Creating notches in box whisker plots in Microsoft Excel

A

Andy Pope

Hi,

The technique describes how to use an xy-scatter to construct the boxes.

You need to add a few more xy pairs in order to reduce the width of the
Median line and form the notches.

Cheers
Andy
 
B

br7250

Hi,

The technique describes how to use an xy-scatter to construct the boxes.

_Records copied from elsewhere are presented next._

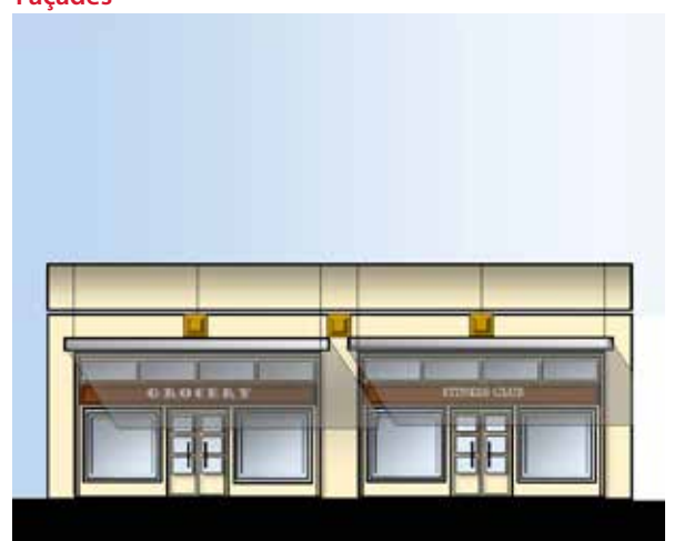
Orderly integration into the building façade with concealed wiring is encouraged.
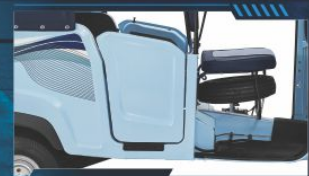
Doors for safety
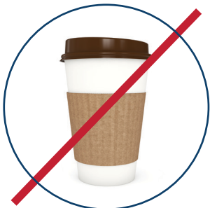
NO PAPER CUPS OR TO GO CONTAINERS
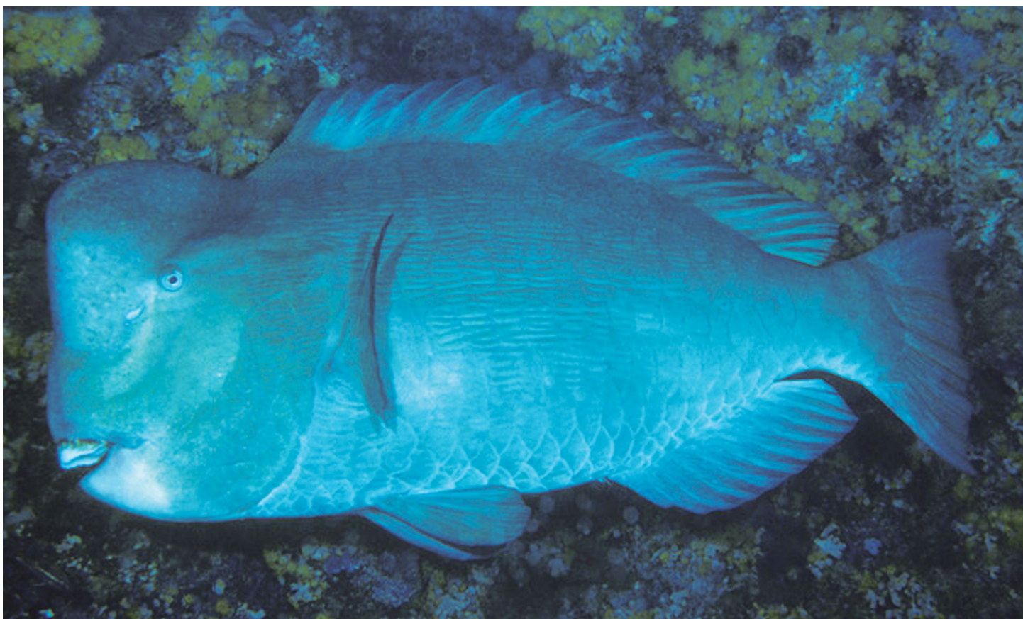
Figure 8. Bolbometopon muricatum , terminal-phase male, night, Sabah, Malaysia.
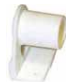
SNAP IN MUSLIN BRACKET 007786

Use screws or double sided tape to attach to wall or ceiling.
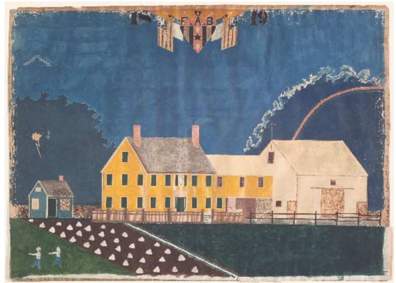
03. Farmstead in Passing Storm , 1849, unidentified artist
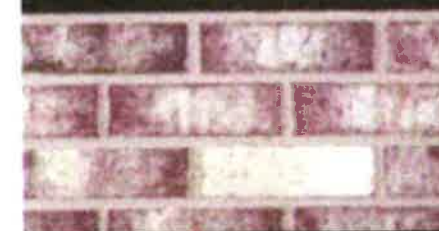
MONACO STRAIGHT EDGE
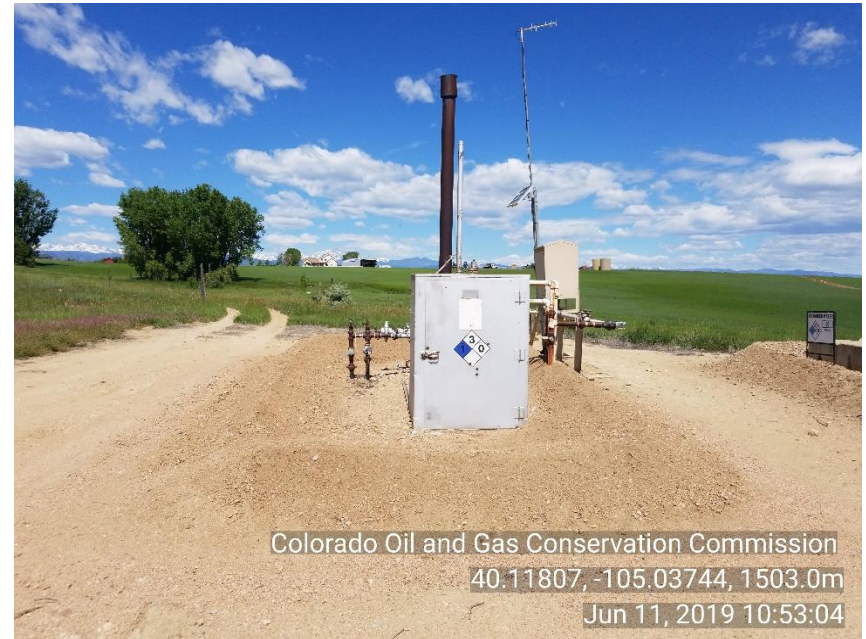
Photo 4 Sepco Meter house Berms repaired
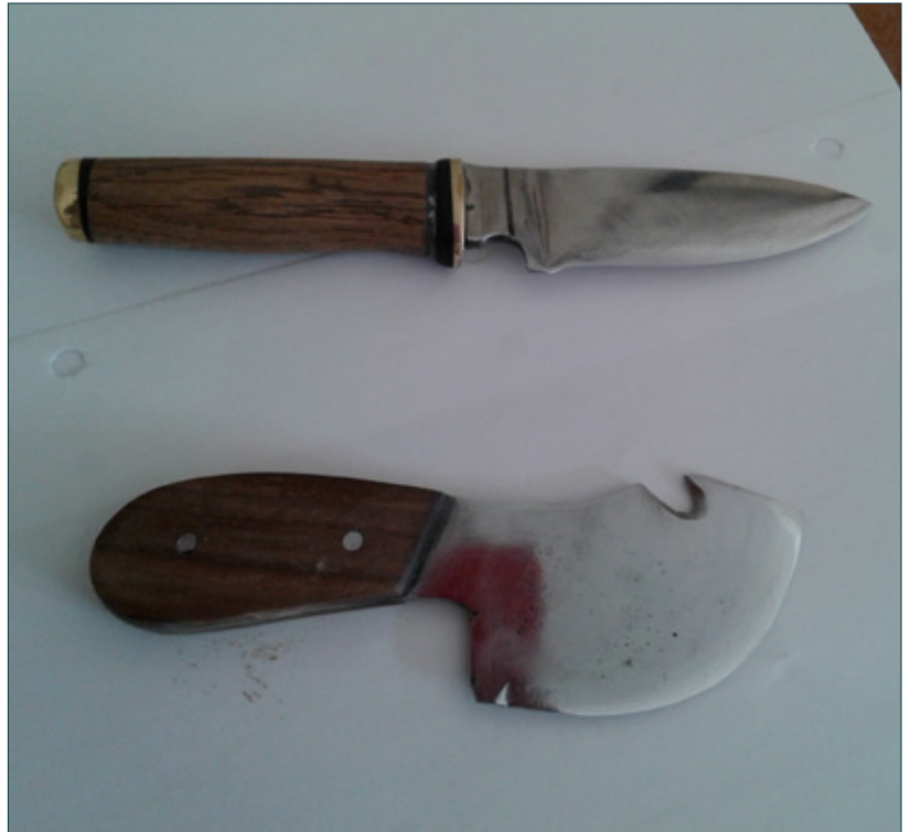
Handmade knives.

“I could always kind of recognize the images and shapes of the things, right? You look at a piece and you see something into it, you see an animal, like a weasel, or a mink, or maybe a head of a horse. Something like that, right? Then you go from there. Of course, you’d start off with a pocket knife. Then as I got a little bit more advanced, I had to make my own knives because you couldn’t hardly buy them and they were too expensive to buy anyway, so you had to make your own knives. Something like that, right? It was a hobby and a pastime, and like I said, you create something that you like. I was always interested in it. I like horses, and I like animals, and I like wildlife, right? So, why not carve it?”
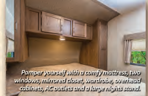
Pamper yourself with a comfy mattress, two windows, mirrored closet, wardrobe, overhead cabinets, AC outlets and a large night stand.

See our newest pictures, floor plans, styles, and features at www.gulfstreamcoach.com

You need to add a few more xy pairs in order to reduce the width of the
Median line and form the notches.

Cheers
Andy






- Show quoted text -

Can you elaborate on the technique?
 
A

Andy Pope

Use this set of xy pairs to draw a notched version

X Y
Min 1 3
Min 1 5
Min 1 4
25th 3 4
25th 3 7
TopNotchLeft 5.342592593 7
TopNotchMid 5.5 6.5
TopNotchRight 5.657407407 7
75th 8 7
75th 8 1
BottomNotchRight 5.657407407 1
BottomNotchMid 5.5 1.5
BottomNotchLeft 5.342592593 1
25th 3 1
25th 3 4
Skip
Median 5.5 1.5
Median 5.5 6.5
Skip
75th 8 4
Max 10 4
Max 10 5
Max 10 3

The formula for X value of NotchLeft is
=MEDIAN($A$1:$A$50)-(1.7*((1.25*(PERCENTILE($A$1:$A$50,0.75)-PERCENTILE($A$1:$A$50,0.25))/(1.35*50))))

The formula for X value of NotchRight is
=MEDIAN($A$1:$A$50)+(1.7*((1.25*(PERCENTILE($A$1:$A$50,0.75)-PERCENTILE($A$1:$A$50,0.25))/(1.35*50))))

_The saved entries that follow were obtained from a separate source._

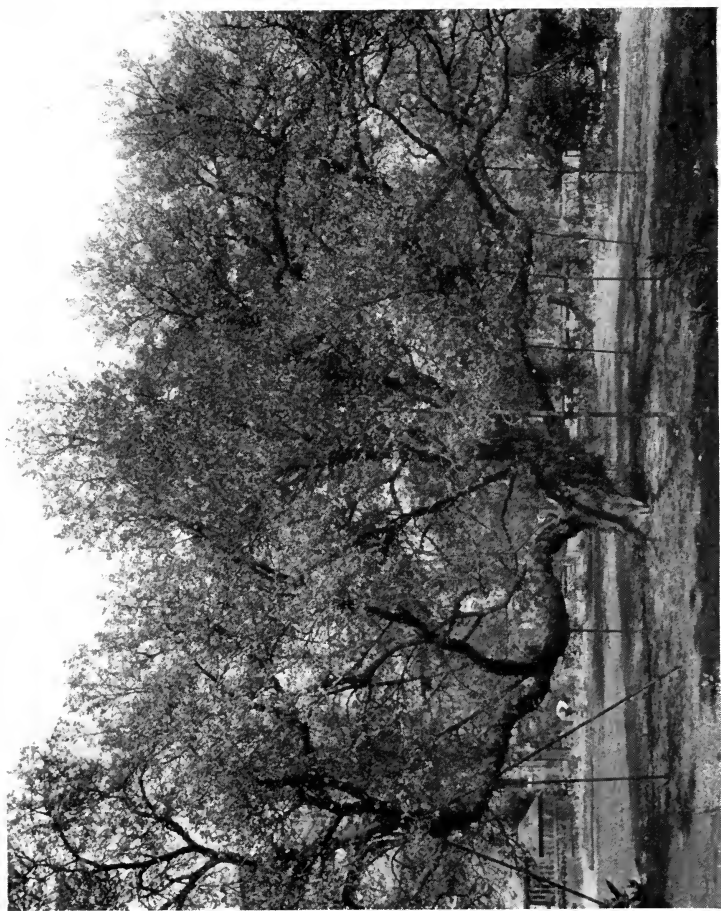
Mulberry at Mildway Park
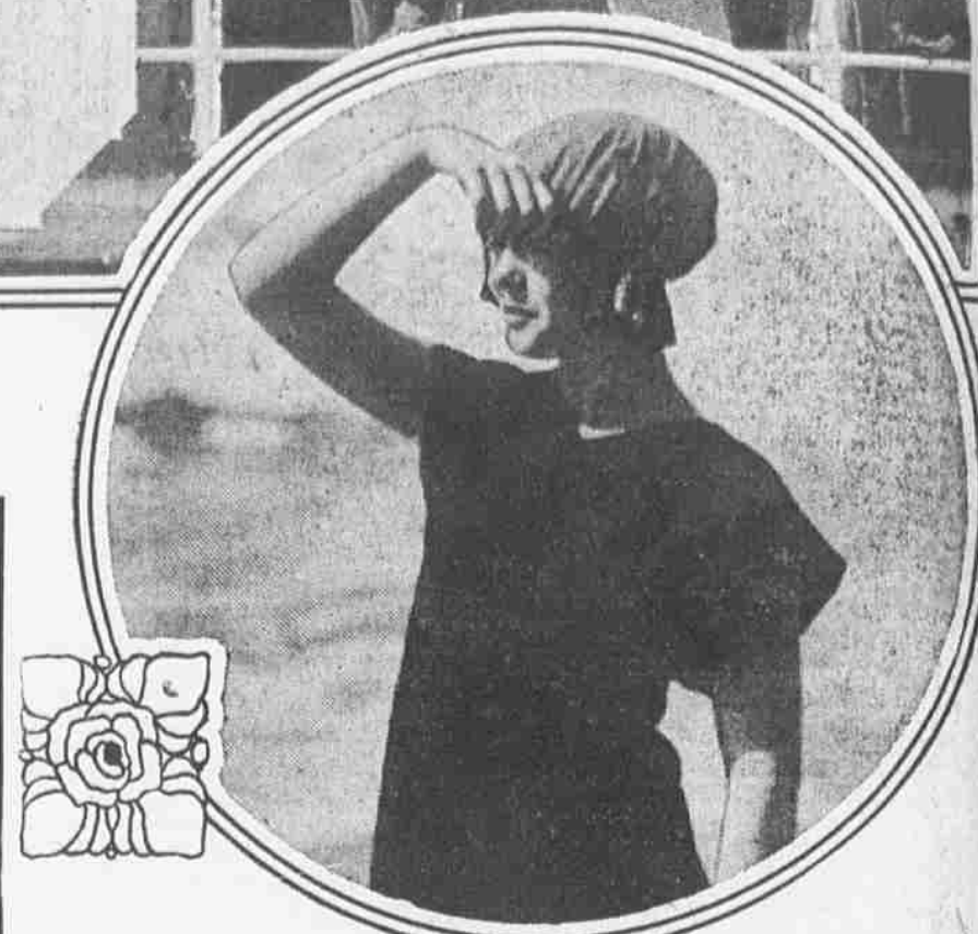
LOOKING OUT TO SEA A pensive moment after the heyday of excitement on the beach.
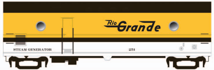
Denver & Rio Grande Western – 107164-167 (4 numbers)
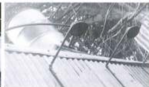
The open-air showers!
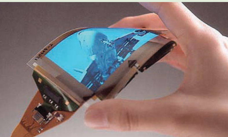
Flexible organic semiconductor display made by Pioneer.

Yang, on the other hand, believes that the technical challenges can be overcome, perhaps within five to seven years. Right now, he says, the biggest barriers are the stability of the polymer and the encapsulation technology. Additionally, more research is needed on the structure of the device and on flexible substrate materials. “Practically, once the efficiency of the plastic solar cell reaches 10% or higher, it has a chance to compete with the silicon solar cell,” Yang says. ■
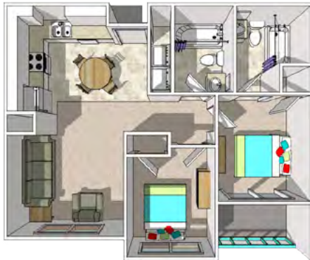
Two Bedrooms/Two Bath ▶ 750 sq. ft.
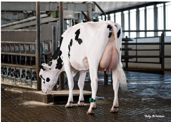
FISHERVALE ATEAM OPRAH
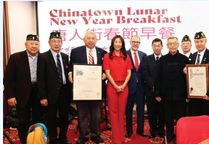
American Legion Lt. B.R. Kimlau Memorial Post
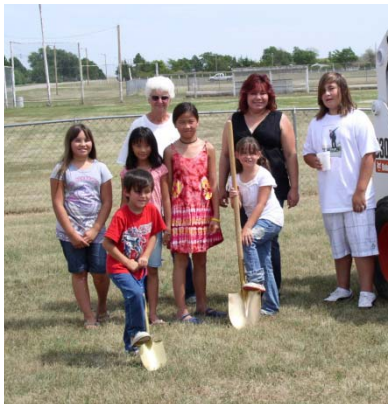
A group of skateboarding enthusiasts breaking ground for the skateboard

The dream of a skateboard park for the youth in the White River area finally became a reality. A group of youth calling themselves “The Lords of Prairie Dogtown” began their dream in 2007 of finding a safe place to skateboard in White River. This group started making the public aware of their desire for a skateboard park by carrying their skateboards and signs through a local parade. The signs read “We need a skate park” and “Help us get a safe place to skate”. They gathered over 200 signatures from the local citizens in support for their project. The group began their fundraising efforts by setting out donation jars, holding hip-hop concerts, hosted a Halloween haunted house, held rummage sales and set up concession stands at local events. In February 2008, the group partnered with the South Central RC&D council who provided technical assistance in applying for several grants. As funds became available, work began on the skate

All other formula are as William W. Dorner's example.

Cheers
Andy
 
B

br7250

Use this set of xy pairs to draw a notched version

X Y
Min 1 3
Min 1 5
Min 1 4
25th 3 4
25th 3 7
TopNotchLeft 5.342592593 7
TopNotchMid 5.5 6.5
TopNotchRight 5.657407407 7
75th 8 7
75th 8 1
BottomNotchRight 5.657407407 1
BottomNotchMid 5.5 1.5
BottomNotchLeft 5.342592593 1
25th 3 1
25th 3 4
Skip
Median 5.5 1.5
Median 5.5 6.5
Skip
75th 8 4
Max 10 4
Max 10 5
Max 10 3

The formula for X value of NotchLeft is
=MEDIAN($A$1:$A$50)-(1.7*((1.25*(PERCENTILE($A$1:$A$50,0.75)-PERCENTILE($A$­1:$A$50,0.25))/(1.35*50))))

The formula for X value of NotchRight is
=MEDIAN($A$1:$A$50)+(1.7*((1.25*(PERCENTILE($A$1:$A$50,0.75)-PERCENTILE($A$­1:$A$50,0.25))/(1.35*50))))

All other formula are as William W. Dorner's example.

Cheers
Andy






- Show quoted text -

You ROCK!!!
 
D

Del Cotter

The formula for X value of NotchLeft is
=MEDIAN($A$1:$A$50)-(1.7*((1.25*(PERCENTILE($A$1:$A$50,0.75)-PERC
ENTILE($A$1:$A$50,0.25))/(1.35*50))))

The formula for X value of NotchRight is
=MEDIAN($A$1:$A$50)+(1.7*((1.25*(PERCENTILE($A$1:$A$50,0.75)-PERC
ENTILE($A$1:$A$50,0.25))/(1.35*50))))

Any particular reason for preferring
PERCENTILE(<range>,0.75)-PERCENTILE(<range>,0.25)
to
QUARTILE(<range>,3)-QUARTILE(<range>,1)
?

(I'm such a fond user of quartiles that I sometimes use them instead on
MIN, MAX and MEDIAN, because the five values are so simple to copy down
a column next to the numbers 0-4)
 
D

Del Cotter

The technique describes how to use an xy-scatter to construct the boxes.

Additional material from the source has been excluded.